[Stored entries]
= = = = =

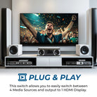 - Connect 4 HDMI™ Sources to 1 Output – Easily switch between four devices on a single 8K or 4K display.
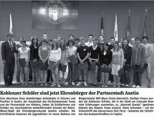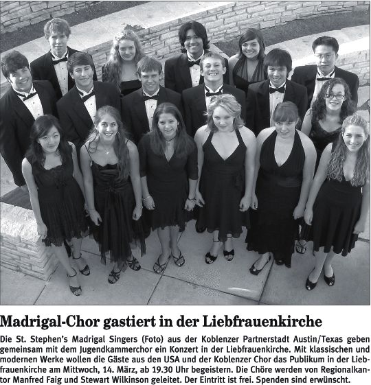 Die St. Stephen´s Madrigal Singers aus der Koblenzer Partnerstadt Austin unternehmen zurzeit eine Konzertreise in Deutschland und verbringen dabei auch zwei Tage in der Rhein-Mosel-Stadt. Gestern besuchten Sie auf Einladung von OB Dr. Eberhard Schulte-Wissermann das Rathaus. Abends dann gab der Chor mit der Mädchenkantorei und dem Jugendkammerchor der Liebfrauenkirche ein gemeinsames Konzert. Das Bild zeigt den Chor gemeinsam mit dem OB und Chorleiter Stewart Wikinson in der Mitte.
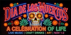 ネオンライト風のベクトルデザインで装飾された「Dia de los Muertos」イベントのサイン。
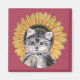 Unique painting of a beautiful Yorkshire Terrier Dog sitting in front of a sunflower on a burgundy background.
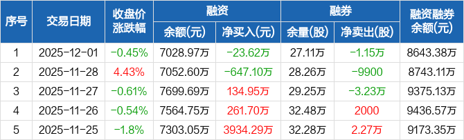 海思科:融资净偿还23.62万元,融资余额7028.97万元(12-01)

= = = = =

Exercise directions »
Quote the data exactly, leaving every image out of the copy.

Result »
 - Connect 4 HDMI™ Sources to 1 Output – Easily switch between four devices on a single 8K or 4K display.
 Die St. Stephen´s Madrigal Singers aus der Koblenzer Partnerstadt Austin unternehmen zurzeit eine Konzertreise in Deutschland und verbringen dabei auch zwei Tage in der Rhein-Mosel-Stadt. Gestern besuchten Sie auf Einladung von OB Dr. Eberhard Schulte-Wissermann das Rathaus. Abends dann gab der Chor mit der Mädchenkantorei und dem Jugendkammerchor der Liebfrauenkirche ein gemeinsames Konzert. Das Bild zeigt den Chor gemeinsam mit dem OB und Chorleiter Stewart Wikinson in der Mitte.
 ネオンライト風のベクトルデザインで装飾された「Dia de los Muertos」イベントのサイン。
 Unique painting of a beautiful Yorkshire Terrier Dog sitting in front of a sunflower on a burgundy background.
 海思科:融资净偿还23.62万元,融资余额7028.97万元(12-01)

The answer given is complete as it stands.